I've gotten this to work partially. My method is getting called, but I 
get only black onscreen. My overridden swapBuffersImplementation looks like:

     virtual void MyGraphicsWindowWin32::swapBuffersImplementation()
     {
         std::cout << "Before SwapBuffers" << std::endl;
         osgViewer::GraphicsWindowWin32::swapBuffersImplementation();
         std::cout << "After SwapBuffers" << std::endl;
     }

Am I missing anything?
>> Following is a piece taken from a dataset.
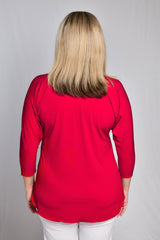 Upgrade your casual style with this 3/4 sleeve top in Sassy red. Designed using a lightweight jersey fabric for superior softness. This women's top is relaxed and comfortable fit, making it easy to wear with palazzo pants, jeans, leggings, or a classic capri. You'll love the fit of the magyar cut sleeve, attractive v neck and curved hemline— it’s the perfect top for creating fashionable layers this season!

As I said, the prints are in the console, but the 
screen stays black.

Thanks in advance,


P.S. For anyone who would need to do this in the future, for Win32 the 
Win32WindowingSystem does some work in its createGraphicsContext() 
method, and if this is not done, any call to 
GraphicsWindowWin32::createWindow() will fail. So you need to call

     osg::GraphicsContext::createGraphicsContext(traits.get());

once (even if you don't keep the return value), which sets things up so 
the custom window can be created directly afterwards.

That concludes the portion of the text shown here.